*** Begin section ***

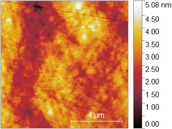 如下图所示,这是一张使用富睿思原子力显微镜(AFM)扫描SiC表面得到的图像,扫描范围为10 μm,C面的粗糙度为0.72 nm。
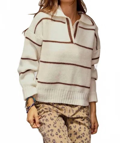 Luxe Relaxed Striped Knit Sweatshirt In Ivory Latte In Neutral
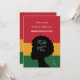 Um cartão afro-americano com listras vermelhas, amarelas e verdes em negrito e uma silhueta de uma mulher. Use este cartão como um convite ou como cartão de saudação. (Imagem por Vecteezy). O cartão é fácil de personalizar com sua redação, fonte e cor da fonte. Não é exatamente o que você está procurando? Todos os nossos produtos podem ser personalizados para atender às suas necessidades sem nenhum custo adicional. Basta entrar em contato conosco em heartfelthelper@gmail.com. Produtos coordenados disponíveis a seu pedido sem nenhum custo adicional.
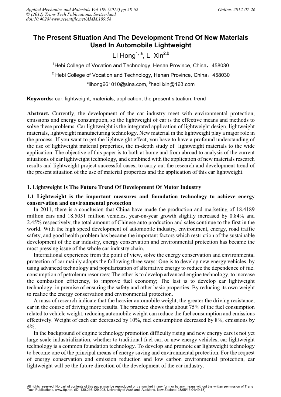 摘要:目前,汽车行业的发展需要满足环境保护,尾气排放和能源消耗的标准,因此轻量化汽车是解决这些问题的有效手段和方法。汽车轻量化是轻量化设计,轻量化材料,轻量化制造科学技术的综合应用。新材料在轻量化过程中起到了重要的作用。如果你想获得轻量级的效果,你必须深刻地了解轻质材料的使用性质,深入研究轻质材料的广泛应用。这篇文章的目的是对国内国外的汽车轻量化技术进行现状分析,并且结合新材料研究结果的应用和轻量化项目成功的案例,开展研究目前汽车使用的材料的性能的状况和应用于汽车轻量化材料的发展的趋势。
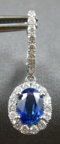 2.94CT DIAMOND & AAA CEYLON SAPPHIRE 14KT WHITE GOLD OVAL HALO HANGING EARRINGS
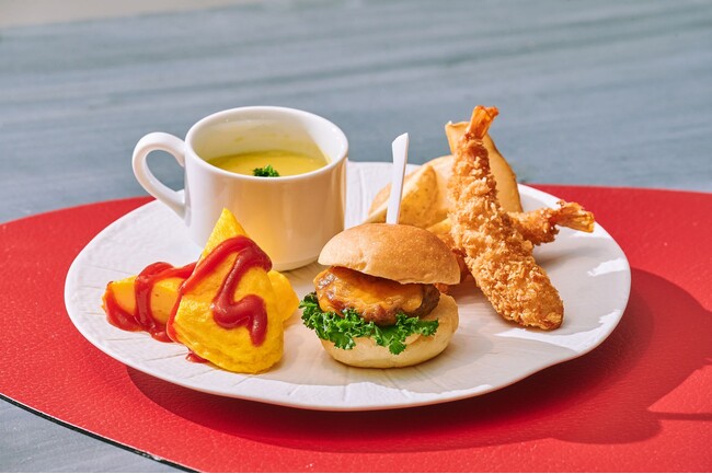 ・フード:コーンスープ/TAVERN特製ミニバーガー BBQソース/海老フライ/ミニオムレツ
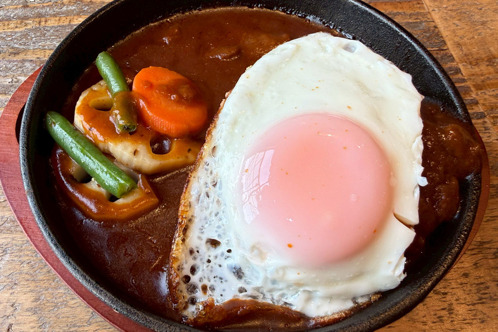 メインのハンバーグは、コクのあるデミソースと卵のまろやかさが合わさり、しっかりとした味わいに仕上がっています。ふわふわのハンバーグに、割った黄身とソースが絡み、ごはんが進む一皿です。

*** End section ***

**What needs to be done:**
Could the listing above be transcribed exactly, with the pictures left out?

**Task response:**
 如下图所示,这是一张使用富睿思原子力显微镜(AFM)扫描SiC表面得到的图像,扫描范围为10 μm,C面的粗糙度为0.72 nm。
 Luxe Relaxed Striped Knit Sweatshirt In Ivory Latte In Neutral
 Um cartão afro-americano com listras vermelhas, amarelas e verdes em negrito e uma silhueta de uma mulher. Use este cartão como um convite ou como cartão de saudação. (Imagem por Vecteezy). O cartão é fácil de personalizar com sua redação, fonte e cor da fonte. Não é exatamente o que você está procurando? Todos os nossos produtos podem ser personalizados para atender às suas necessidades sem nenhum custo adicional. Basta entrar em contato conosco em heartfelthelper@gmail.com. Produtos coordenados disponíveis a seu pedido sem nenhum custo adicional.
 摘要:目前,汽车行业的发展需要满足环境保护,尾气排放和能源消耗的标准,因此轻量化汽车是解决这些问题的有效手段和方法。汽车轻量化是轻量化设计,轻量化材料,轻量化制造科学技术的综合应用。新材料在轻量化过程中起到了重要的作用。如果你想获得轻量级的效果,你必须深刻地了解轻质材料的使用性质,深入研究轻质材料的广泛应用。这篇文章的目的是对国内国外的汽车轻量化技术进行现状分析,并且结合新材料研究结果的应用和轻量化项目成功的案例,开展研究目前汽车使用的材料的性能的状况和应用于汽车轻量化材料的发展的趋势。
 2.94CT DIAMOND & AAA CEYLON SAPPHIRE 14KT WHITE GOLD OVAL HALO HANGING EARRINGS
 ・フード:コーンスープ/TAVERN特製ミニバーガー BBQソース/海老フライ/ミニオムレツ
 メインのハンバーグは、コクのあるデミソースと卵のまろやかさが合わさり、しっかりとした味わいに仕上がっています。ふわふわのハンバーグに、割った黄身とソースが絡み、ごはんが進む一皿です。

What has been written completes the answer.